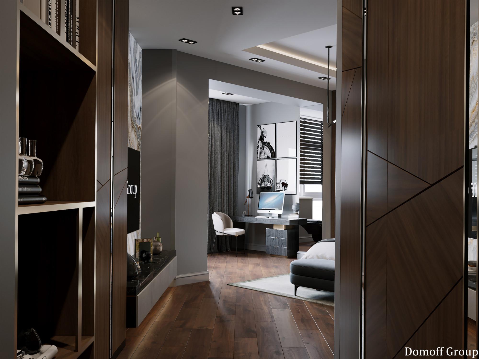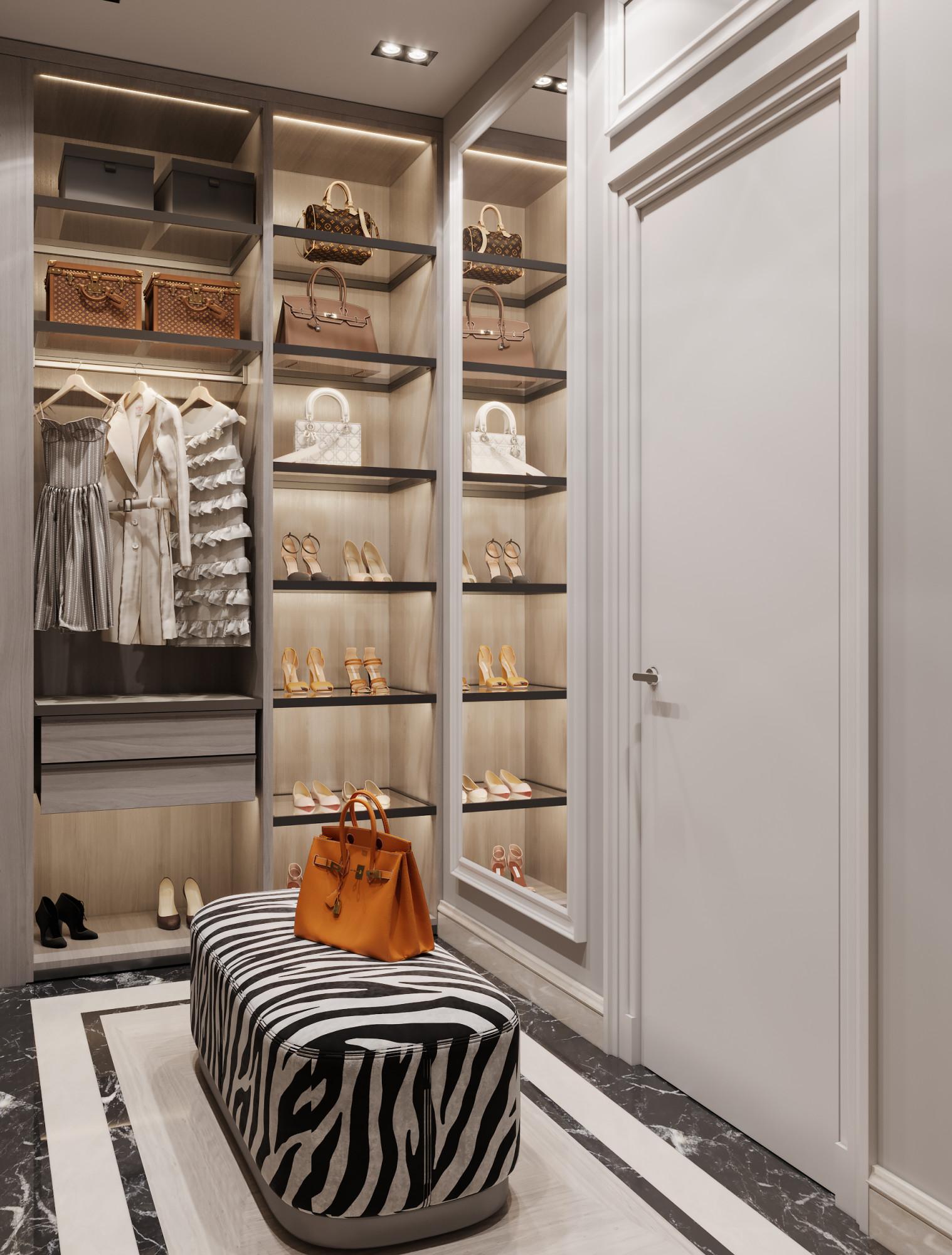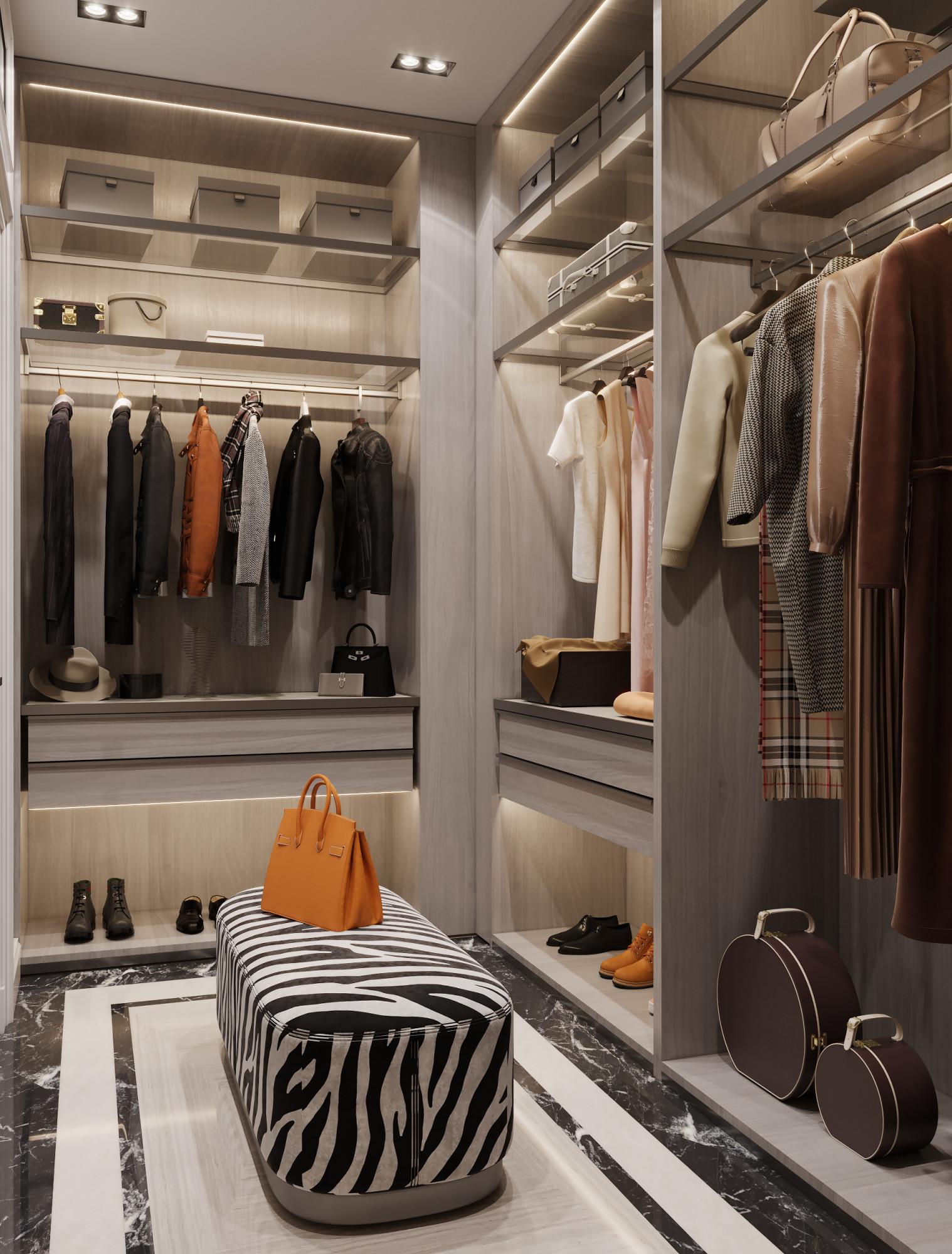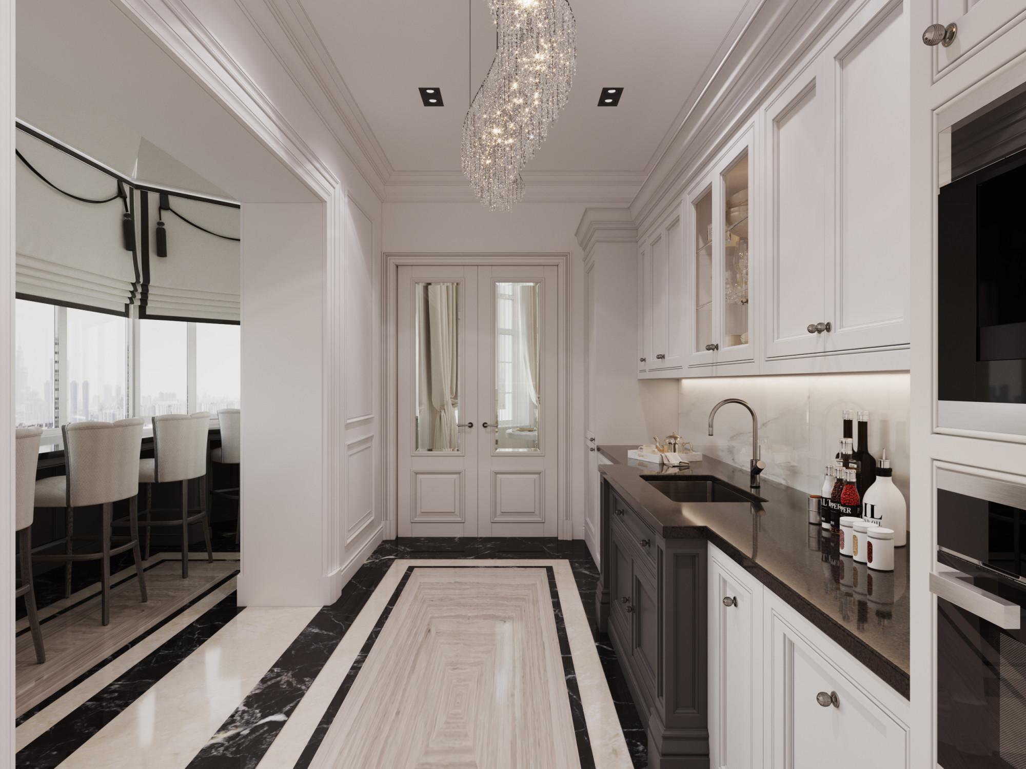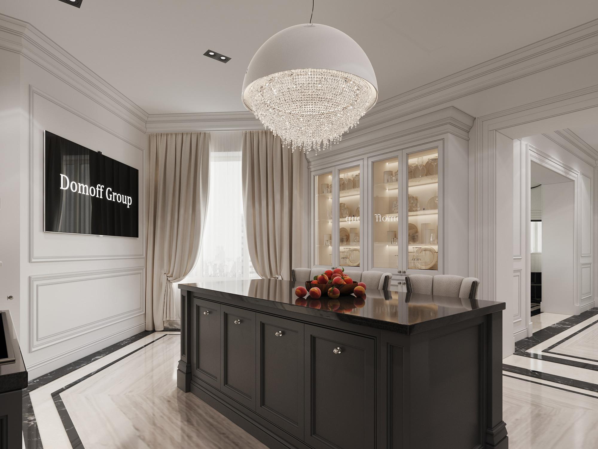 Интерьер выполнен в современном стиле с элементами минимализма и роскоши. Удачное сочетание нейтральных оттенков и металлических акцентов делает пространство элегантным и утонченным. Благородные бежевые, серые и коричневые тона, которые создают уютную атмосферу. Золотые элементы, такие как отделка мебели и декоративные детали, добавляют интерьеру тепла. Мягкая мебель бархатной обивкой и изысканные предметы освещения, подчеркивают стиль и статусность пространства.
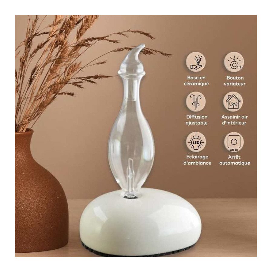 Il est composé d'une base en céramique blanche et d'une verrerie artisanale. La verrerie est éclairée par une LED bleue pour donner une touche décorative supplémentaire.
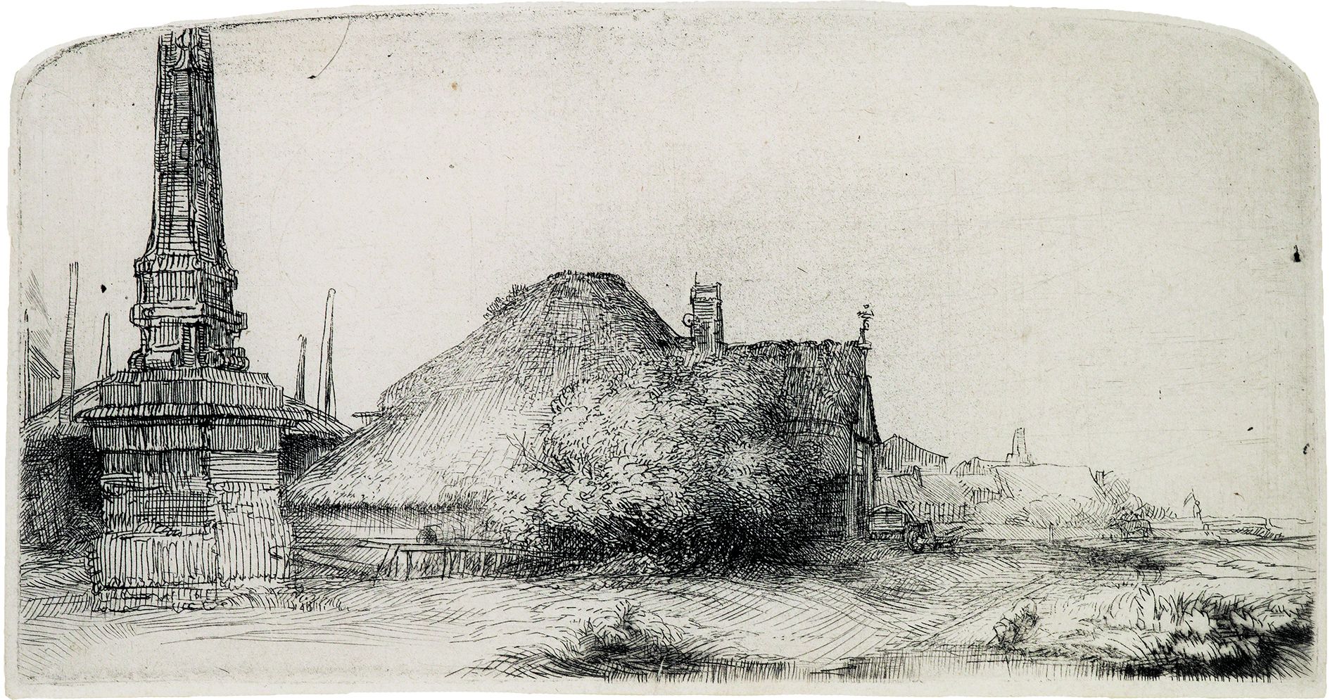 The print shows a boundary post (Mylpaal or Banpaal) just outside Amsterdam. There were six of these posts encircling the city and were meant to determine the area within which exiled citizens were not allowed to come. The one pictured here was identified by Frits Lugt in 1920 to be the one near Spieringshorn at the Spaarndammerdijk. The location is just somewhat east of Halfweg, a small village literally halfway between Amsterdam and Haarlem.
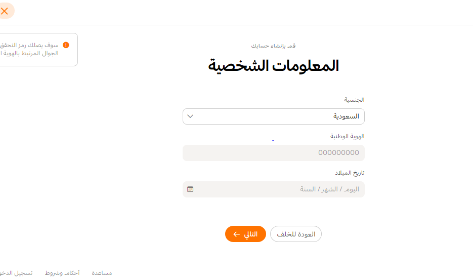 - ادخل البيانات المطلوبة (الجنسية، والهوية الوطنية، وتاريخ الميلاد).
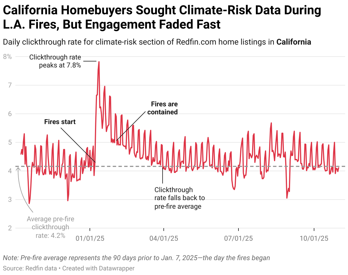 Daily clickthrough rate for climate-risk section of Redfin.com home listings in California

********************

Prompt >> Output all the material verbatim, skipping every image.

Finished task >>
 Интерьер выполнен в современном стиле с элементами минимализма и роскоши. Удачное сочетание нейтральных оттенков и металлических акцентов делает пространство элегантным и утонченным. Благородные бежевые, серые и коричневые тона, которые создают уютную атмосферу. Золотые элементы, такие как отделка мебели и декоративные детали, добавляют интерьеру тепла. Мягкая мебель бархатной обивкой и изысканные предметы освещения, подчеркивают стиль и статусность пространства.
 Il est composé d'une base en céramique blanche et d'une verrerie artisanale. La verrerie est éclairée par une LED bleue pour donner une touche décorative supplémentaire.
 The print shows a boundary post (Mylpaal or Banpaal) just outside Amsterdam. There were six of these posts encircling the city and were meant to determine the area within which exiled citizens were not allowed to come. The one pictured here was identified by Frits Lugt in 1920 to be the one near Spieringshorn at the Spaarndammerdijk. The location is just somewhat east of Halfweg, a small village literally halfway between Amsterdam and Haarlem.
 - ادخل البيانات المطلوبة (الجنسية، والهوية الوطنية، وتاريخ الميلاد).
 Daily clickthrough rate for climate-risk section of Redfin.com home listings in California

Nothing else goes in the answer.